Ellie went downstairs. Worth bothering the doctor with? she wondered. While ready to go to the barricades for her rights under the NHS, she’d always been resolved not to turn into one of those mothers who demanded antibiotics for every bilious attack.
She made herself a cup of tea and went into the lounge. The CD player was switched on with the pause light showing. She’d been listening to her new Mahler disc when Martindale rang.
The larger package remained unopened.
Few things are better suited to putting literary ambition in perspective than bringing a sick child home, so this seemed a good time to take her bumps.
She ripped open the package and took out her script. There was a letter attached.
… shows promise, but in the present climate … hard times for fiction … much regret … blah blah …
The signature was an indecipherable scrawl. Couldn’t blame them, she thought. Assassination must be a real danger in that job. Even she, perspective and all, felt the sharp pang of rejection. Perhaps I’m simply barking up the wrong tree? Who the hell wants to read about the angst-ridden life of a late twentieth-century woman when it’s just like their own? Perhaps I should have a stab at something completely different … a historical, maybe? She’d always felt a bit guilty about her fondness for historical fiction, regarding it as pure escapism from life’s earnest realities. But sod it, letters like this were an aspect of earnest reality she’d be only too glad to escape from!
Moodily she picked up the CD zapper and pressed the restart button.
‘At last I think I see the explanation Of those dark flames in many glances burning.’
It was the second of the Kindertotenlieder. She relaxed and let the rich young voice wash over her.
‘I could not guess, lost in the obfuscation Of blinding fate …’

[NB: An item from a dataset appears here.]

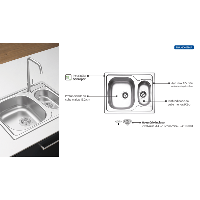 Todo el mundo busca artículos prácticos para su cocina que la dejen mucho más bonita. Pensando en eso, decidimos desarrollar la Bacha de Superponer Tramontina Vega 1.5C 34 R Bacha a la Izquierda de Acero Inoxidable, con Terminación Natural y válvula, 62 x 50 cm, con dos bachas.Totalmente fabricada en acero inoxidable con terminación natural, tiene dos bachas: una principal, de 15,2 centímetros de profundidad, ubicada a la izquierda y una bacha auxiliar, ubicada a la derecha, de 9,2 centímetros de profundidad. Es muy fácil de instalar y viene con 2 válvulas de 4 1/2'' de diámetro y tiene perforación para el grifo. Garantiza ya la tuya y deja tu cocina mucho más práctica. Instalación: EmpotrarFregadero: Simple + AuxiliarCapacidad: 15,5 + 3 LMaterial:- Acero inoxidable AISI 304- Espesor: 0,6 mmTerminación: NaturalProfundidad de el fregadero: 15,2 cm + 9,2 cmPerforación para grifo: SíAccesorios incluidos:- Kit de instalación- 2 válvulas 4 1/2''Manta adhesiva anti-ruido: síTodas las imágenes son sólo para fines ilustrativos. Para un perfecto funcionamiento del fregadero, montar inicialmente la válvula y, después, fijar el fregadero al mueble, conforme folleto de instrucciones que acompaña el producto.Remover la etiqueta pegada en el fregadero.Limpiar la pieza con detergentes normales neutros.Usar solamente esponja blanda o paño para lavar el fregaderoEsta pieza tiene bordes cortantes. Manejar con cuidadoNo usar ácido muriático, agua sanitaria o cualquier otro solvente para lavar objetos en el fregadero.-En la reforma o construcción, proteger el fregadero para no dejar sobre la pieza polvo de cemento o yeso.Enjuagar y secar bien después del uso.Nunca dejar objetos metálicos sobre la pieza por período muy largos, para evitar la corrosión.Paramantener el brillo de su fregadero recomendamos el uso del removedor de manchas Tramontina. Garantía contra cualquier defecto de fabricación por un período total de 120 (ciento veinte) meses.Plazo de garantía disponible en Certificaciones / Normas.

Obfuscation! Not a pretty word. But she sympathized with the translator. Unlike a lot of the multi-inflected Continental languages, English wasn’t rich in feminine rhymes and they often ran the risk of sounding faintly comic. Not here though, not with the tragic power of this music setting the agenda.

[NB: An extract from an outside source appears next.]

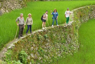 Leave you main luggage in Banaue and pack a daypack with your necessities for the next few days, then drive 40 minutes to the start of the trek. Over the next 3 days and 2 nights, you’ll hike through rice fields, forest and villages, staying overnight in local Ifugao villages where people farm rice the way their ancestors did 2,000 years ago. On this first day of the trek, you’ll walk for approximately 4 hours on a mixture of up and down, but mostly flat terrain. Start from Kinakin and we take a short drive up a paved road to get to our start of the trail. The next 3 hours will be on a rather flat path, and the last hour includes steps down to the guesthouse in Cambulo. There will be plenty of stops along the way, including for lunch, so keep your camera handy for those scenic photos – the rice terraces here are characterised by their pyramid-like appearance, cut almost 360 degrees around the mountains. When you finish today’s hike, you can take a refreshing swim in the river 2 minutes walk from the guesthouse – a welcome relief from a physically demanding day! You’ll spend the night in isolated Cambulo Village – the guesthouse has multi shared rooms, shared bathroom with Asian style toilets. Cold water is expected with scoop showers.

‘… even then your gaze was homeward turning,
Back to the source of all illumination.’
What made a composer choose to set one poem rather than another to music? In the brief introduction to the songs, she’d read that Alma Mahler had strongly resisted her husband’s obsession with these poems of loss, superstitiously fearing he might be tempting fate to attack his own family. OK, so it was irrational, but Ellie could sympathize, recalling her own impulse to break all traffic laws to get to Edengrove, despite Miss Martindale’s assurance that there was nothing to worry about.
And there wasn’t, was there? Not if Miss Martindale said there wasn’t. Despite all her efforts to avoid the stereotype, she’d ended up as another silly, over-anxious mother, like Alma Mahler … Except that Alma had been right, hadn’t she? How she must have looked back on her fears and wished she’d protested even more vehemently when, a couple of years later, their eldest daughter died of scarlet fever.
‘These eyes that open brightly every morning
In nights to come as stars will shine upon you.’
And that’s meant to be a consolation? She zapped off the melancholy orchestral coda, reached for the telephone and started dialling Jill Purlingstone’s number.